> **Required work**
Omit every picture. Return all other data as it stands.
___ Material provided
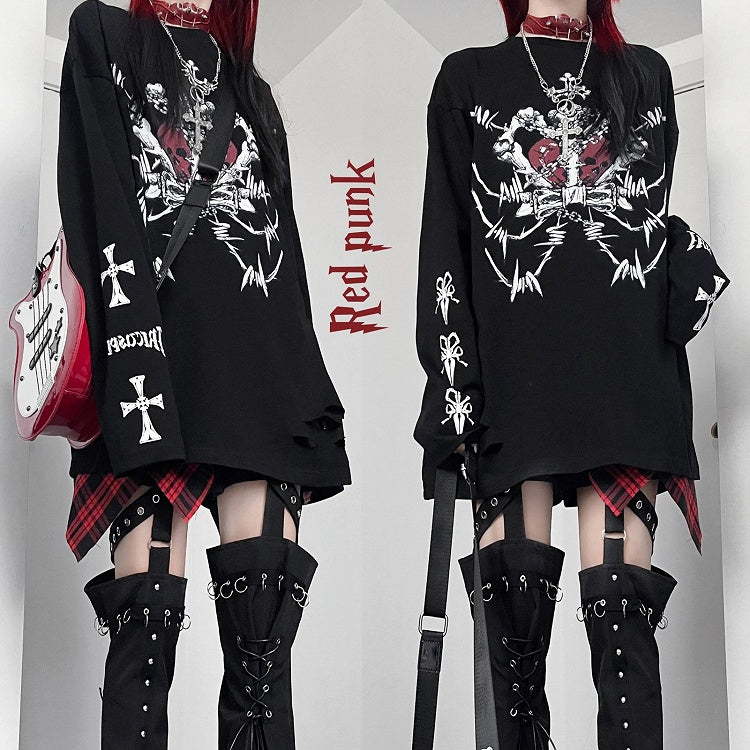 ブラック エモ パンク クロス&レタープリント ロングスリーブ トップス
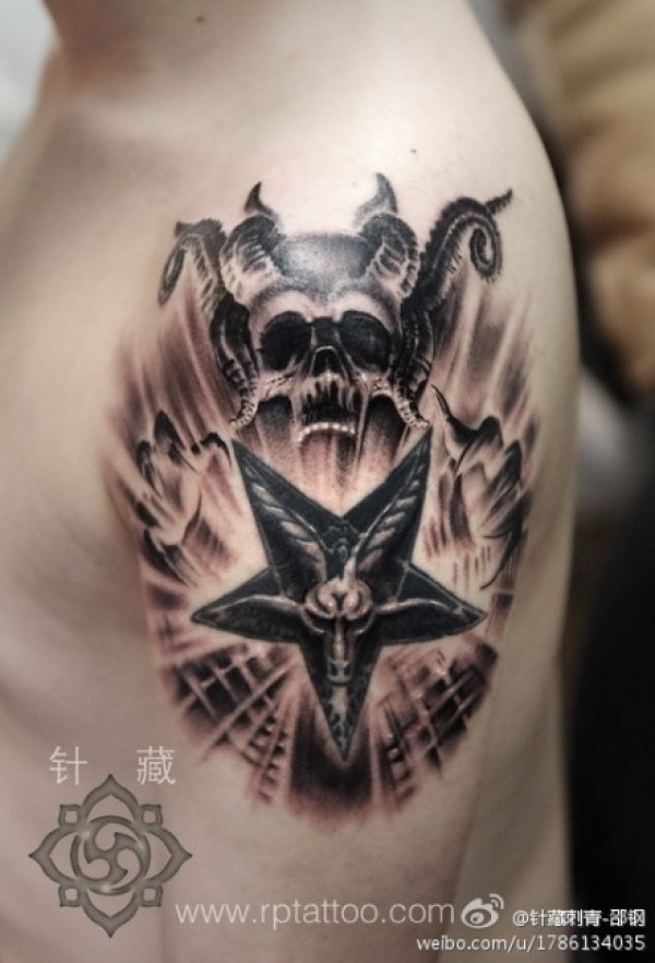 手臂超帅的恶魔撒旦纹身图案_臂部纹身图案大全_纹身图吧
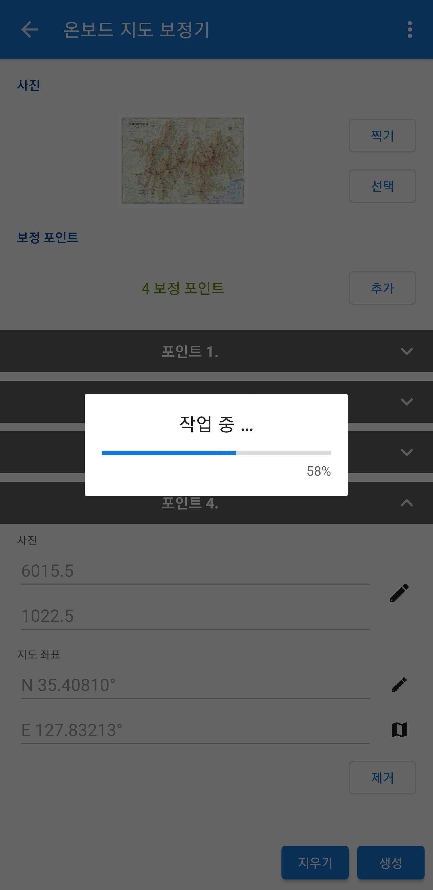 생성을 누르면 그림 용량에 따라 그리고 스마트폰 성능에 따라 만드는 시간이 다릅니다 아마도 제가 샘플로 드린 지도는 고화질 지도이기 때문에 시간이 좀 걸릴 겁니다
______
> **Response box**
 ブラック エモ パンク クロス&レタープリント ロングスリーブ トップス
 手臂超帅的恶魔撒旦纹身图案_臂部纹身图案大全_纹身图吧
 생성을 누르면 그림 용량에 따라 그리고 스마트폰 성능에 따라 만드는 시간이 다릅니다 아마도 제가 샘플로 드린 지도는 고화질 지도이기 때문에 시간이 좀 걸릴 겁니다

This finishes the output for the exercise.